Oceanfront homes in Southampton.

Oceanfront homes in Southampton. Credit: Bloomberg/Johnny Milano

East End home sales plummeted in the first quarter, with deals in the Hamptons and the North Fork falling to a 14-year low, according to new data from Douglas Elliman and Miller Samuel.

Real estate experts attributed the decline to a combination of a shortage of listings and rising interest rates taking a toll on the luxury real estate destinations, where homebuyers are often shopping for vacation homes.

The slowdown in deals had a more muted effect on prices. The median price among Hamptons sales that closed in the first quarter was $1.36 million, which was 2.9% lower than in the first quarter of 2022. The median price in the region peaked at $1.6 million, which was set during the second quarter last year and matched in the third quarter.

There were 171 Hamptons sales that closed during the first quarter, which was down 56.7% from the same period a year ago. It was the second-lowest number of deals recorded in a quarter since the firms started tracking the market in 2005. The fewest was 145 deals in the first quarter of 2009.

One factor contributing to the dearth of deals is listings that are priced too high. After home prices broke record after record in recent years, sellers haven’t adjusted, said Jonathan Miller, CEO of appraisal firm Miller Samuel.

“A lot of inventory that’s come onto the market isn’t priced for the new market,” he said. “It’s priced for 2021.”

The poor first-quarter showing didn’t come as a surprise to Judi Desiderio, CEO of Town and Country Real Estate, which has eight offices on the East End. Because it can take several months to finalize sales, data on first-quarter closings reflects activity in late 2022 and the early winter months, she said.

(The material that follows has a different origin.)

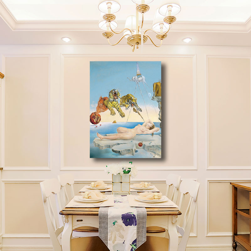 Vivolux | Salvador Dali Tiger Gemälde Surrealismus Texturiert Wohnzimmer Wandkunst Dekor in Blau

“From November until the last week of February, it was like crickets,” said Desiderio, who publishes separate market reports focused exclusively on East End single-family home sales. “There was little to no activity going on.”

Far fewer homebuyers on the East End use mortgages to purchase homes than on the rest of Long Island, but rising interest rates  have affected the market in other ways, Desiderio said.

The S & P 500 Index lost 18% last year, as the Federal Reserve raised its benchmark interest rate seven times. The average bonus paid to Wall Street securities employees fell 26% to $176,700 last year as well, while large U.S. technology firms have laid off tens of thousands of employees.

“Even though potential purchasers might not be on the chopping block, they’re feeling a tightening of the belt,” Desiderio said.  “Maybe instead of making the decision to buy, you made the decision to rent for another year."

North Fork prices fared better but few sales were closed in the winter. The median price on the North Fork increased 10.3% to $935,000 compared with the first quarter a year ago. There were only 77 deals closed in the first quarter, which was down one-third from a year ago.

By the end of March, there were only 141 homes on the market on the North Fork, an improvement from last year, but still about half as many as were available before the pandemic.

“We have so many buyers looking and waiting — buyers that weren’t able to make the transaction during COVID because they continuously got outbid,” said Todd Bourgard, Douglas Elliman’s CEO of Long Island, Hamptons and North Fork. “Those people are still here … and we’re beginning to see an uptick of listings.”